Access system 100 may start measuring certain UWB parameters when the distance between user device 108 and entrance 102 (or anchor 104) is equal to or less than r2 and greater than r1. In some embodiments, access system 100 may start computing certain UWB parameters such as CIR estimates of UWB radar echo, distances between user device 108 and anchor 104, optionally PDOA values of user device 108 relative to anchor 104, and optionally RSSI values of user device 108. In some embodiments, anchor 104 initiates TWR with user device 108, and may compute the UWB parameters based on the UWB frames received in the TWR. Then, access system 100 may start determining the user's intent when the distance between user device 108 and entrance 102 (or anchor 104) is equal to or less than r1. In some embodiments, access system 100 may start generating inputs for a deep learning framework (details described as follows) based on the UWB parameters. Depending on the design, access system 100 may or may not pre-process the inputs before feeding them to the deep learning framework. Access system 100 may determine the user's intent based on intent probabilities outputted by the deep learning framework.

When the distance between user device 108 and entrance 102 (or anchor 104) is equal to or less than r0, access system 100 may determine to lock or unlock entrance 102 based on the determined user's intent. For example, if user device 108 (or user 106) is in security perimeter 110 (e.g., the distance between user device 108 and anchor 104 is equal to or less than r0) and the user's intent is determined to be “enter” or “leave,” access system 100 may control to unlock entrance 102. If user device 108 (or user 106) is in security perimeter 110 and the user's intent is determined to be “pass by,” access system 100 may maintain the current status of entrance 102. If access system 100 fails to determine the user's intent from the UWB parameters or determines the user's intent to be “unknown,” access system 100 may control to maintain the current status (locking/unlocking) of entrance 102.

FIG. 2A shows a simplified block diagram of access system 200, according to some embodiments of the present disclosure. Access system 200 may be an example of access system 100. Access system 200 may be implemented in an anchor, and/or other part of the infrastructure with computing capabilities, such as a network control device, a cloud network, etc. Access system 200 may include an input determining module 203, a deep learning module 207, an intent determining module 211, and a control module 215. Modules 203, 207, 211, and 215 may be configured to control an object (e.g., lock/unlock an entrance) based on a user's intent. In some embodiments, modules 203, 207, 211, and 215 may each include suitable software and/or hardware to perform specific functions. In some embodiments, the functions of modules 203, 207, 211, and 215 are performed by specific data-processing circuits and/or processors.

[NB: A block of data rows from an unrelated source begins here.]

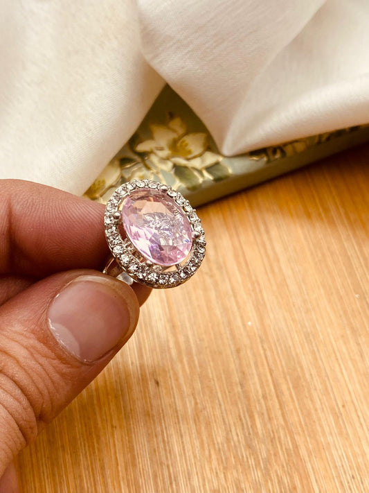 Zirconia Round Ring (Adjustable)-2846-Silver
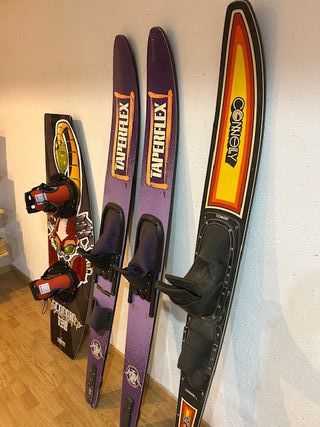 Lote de tabla de wakeboard y dos esquís acuáticos y mono esqui. - Tabla de wakeboard con diseño gráfico. (neuvo) - Dos esquís acuáticos marca Taperflex. - Un esquí acuático marca Connelly.
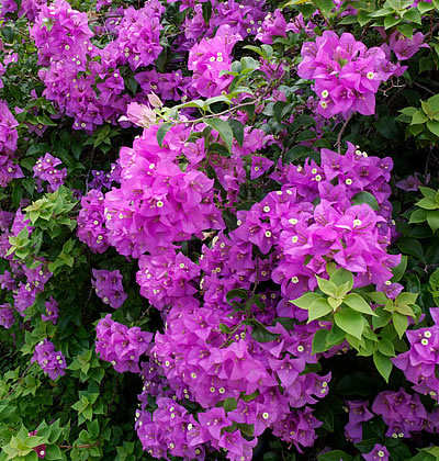 Die Gattung der Bougainvillea wurde nach dem Franzosen Louis Antoine de Bougainville benannt, der 1766 die Pflanzen auf einer Erdumsegelung entdeckte. Es gibt innerhalb dieser Gattung etwa 14 verschiedene strauchartige bis meist kletternde Arten. Neben dem lateinischen hört man oft den deutschen Namen Drillingsblume. Er stammt von der Anordnung der eigentlichen Blüten, die in Dreiergruppen zusammenstehen. Bougainvilleen kennen die meisten Menschen von den Ferien im Mittelmeerraum, wo sie manchmal ganze Hausfassaden zieren.
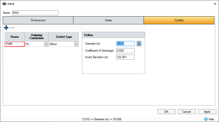 Orifice Outlet allows an Orifice plate control to be modelled.
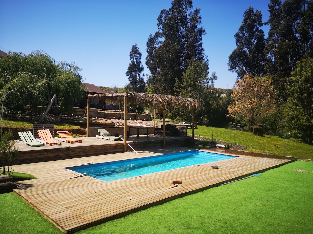 Agradable cabaña con píscina y espacioso quincho.
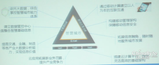 該方案設(shè)計(jì)以智慧城市建設(shè)為核心,將需求分解為云計(jì)算、移動(dòng)計(jì)算和大數(shù)據(jù)應(yīng)用三個(gè)部分,并通過構(gòu)建卓越研究基地(CoE)來滿足需求。其中,大數(shù)據(jù)CoE的設(shè)計(jì)是整合智慧基礎(chǔ)設(shè)施的各種信息,用于提高金融、交通、制造等產(chǎn)業(yè)大數(shù)據(jù)的分析能力,以此為依托提供城市的智能化管理水平。
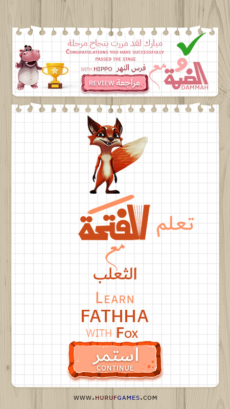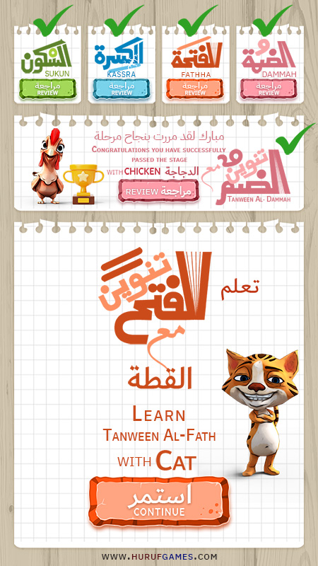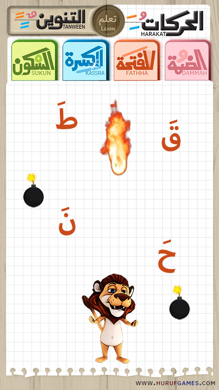 اللعبة عبارة عن سبع مراحل ولكل مرحلة حركة وسيعرف كامل الحركات الضمة – الفتحة – الكسرة – السكون ثم تنوين الضم و الفتح و الكسر ولكل مرحلة حيوان.
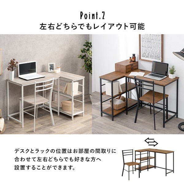 ※現在ご覧の商品ページはブラウンのご購入ページとなります。 ヤフオクの仕様上単一ページに複数バリエーションを掲載することができませんので、他バリエーションが希望の場合は別ページでご購入お願い致します。 デスク・チェア・3段ラックの3点セット。 デスクとラックは高さが同じなので広い作業スペースとして使ったり、別々にシリーズ家具としてコーディネートしたりとレイアウトを変えられます。 配達業者を指定いただくことはできません。 北海道/沖縄/離島のお届けに別途中継料金が発生します。 ※別途送料が発生する場合は後ほどご連絡させていただきます。 当店は正規店です。 タイミングによっては在庫切れの場合があります。

In the present disclosure, more than one types of UWB data are used to determine the user's intent. The types of UWB data may include UWB radar/receiver channel impulse response (CIR) data, two-way ranging (TWR) distance data, TWR phase difference of arrival (PDOA) data, and/or received signal strength indicator (RSSI) data. UWB Radar/receiver CIR data may reflect the interaction between a UWB signal (transmitted from the user device) and the environment, TWR distance data may reflect the distance from the user device to the entrance, TWR PDOA data may reflect the relative position of the user device to the entrance, and the RSSI data may quantify the received power of a UWB signal (at the entrance) from the user device. The different types of UWB data may be used as different inputs for a deep learning framework, and may each be processed by a deep learning model independently. The extracted features may then be fused together to deliver a more reliable classification and associated confidence level. Prior to the runtime/inference, the deep learning models have been trained to characterize the 3 classes of user's intent: enter, leave, and pass by, respectively.

Input determining module 203 may be configured to receive UWB data, e.g., a UWB frame 201, (e.g., “raw” UWB data) and pre-process the received UWB data to generate UWB input data 205 for deep learning module 207. For example, input determining module 203 may include a UWB receiver which may include an antenna, an analog radio frequency (RF) and baseband (BB) circuit, an I (In-phase)/Q (Quadrature-phase) sampling circuit, a correlator, a carrier frequency offset (CFO) remover circuit, and an accumulator. In some embodiments, an anchor of access system 200 may perform UWB communication with a user device (e.g., 108) to receive UWB frame 201, and may generate UWB input data 205 based on UWB frame 201.

In some embodiments, the anchor may initiate two-way ranging (TWR) with the user device, e.g., when the user (e.g., 106) enters the pre-configured start-measurement perimeter (e.g., 113). This TWR may allow the anchor to measure the distance from the user. The anchor may also include RSSI measurements and/or PDOA measurements which are synchronized with the measured distance. RSSI and/or PDOA are measured by the anchor with the received UWB frames of the UWB ranging round, e.g., the ranging response message and the ranging result report messages. When the user enters in the start-intent area, the UWB transmitter of the anchor sends UWB frames. The UWB receiver of the anchor may receive UWB frames which are reflected by the user device (e.g., 108) and determine channel impulse response (CIR) estimates at given times, e.g., by accumulating the deterministic sequences (e.g., Ipatov sequences) in the UWB frames. A CIR estimate may reflect the interaction between a UWB signal and the user.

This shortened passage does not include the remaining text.